Dataset section.
======

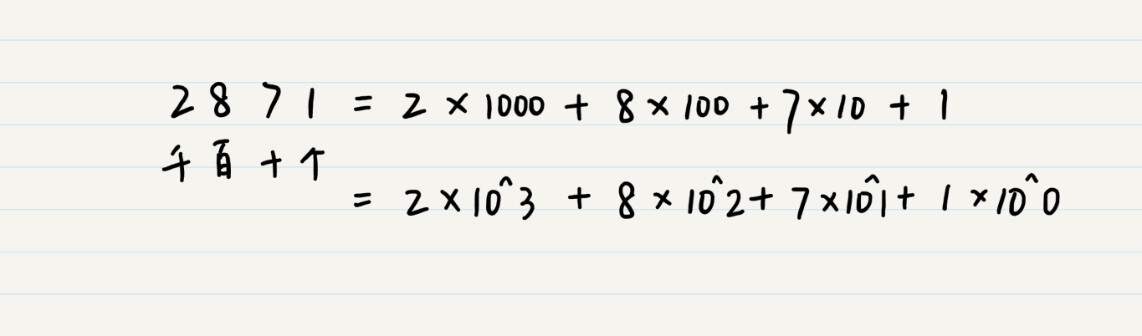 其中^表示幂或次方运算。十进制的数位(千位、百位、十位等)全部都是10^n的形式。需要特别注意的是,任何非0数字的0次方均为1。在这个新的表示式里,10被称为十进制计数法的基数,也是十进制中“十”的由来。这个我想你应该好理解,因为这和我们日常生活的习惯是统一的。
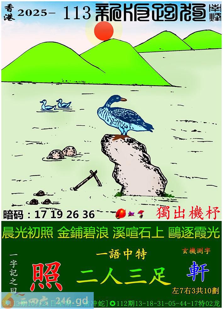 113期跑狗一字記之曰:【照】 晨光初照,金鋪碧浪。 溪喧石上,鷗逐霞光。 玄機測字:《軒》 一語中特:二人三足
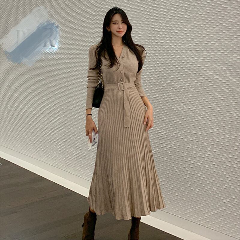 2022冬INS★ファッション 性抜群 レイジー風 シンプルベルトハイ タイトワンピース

======

Exercise details. From the line containing "113期跑狗一字記之曰:【照】 晨光初照,金鋪碧浪。 溪喧石上,鷗逐霞光。" down to the last line of the data above, transcribe exactly those lines and no others; omit the pictures.

Solution for this exercise.
 113期跑狗一字記之曰:【照】 晨光初照,金鋪碧浪。 溪喧石上,鷗逐霞光。 玄機測字:《軒》 一語中特:二人三足
 2022冬INS★ファッション 性抜群 レイジー風 シンプルベルトハイ タイトワンピース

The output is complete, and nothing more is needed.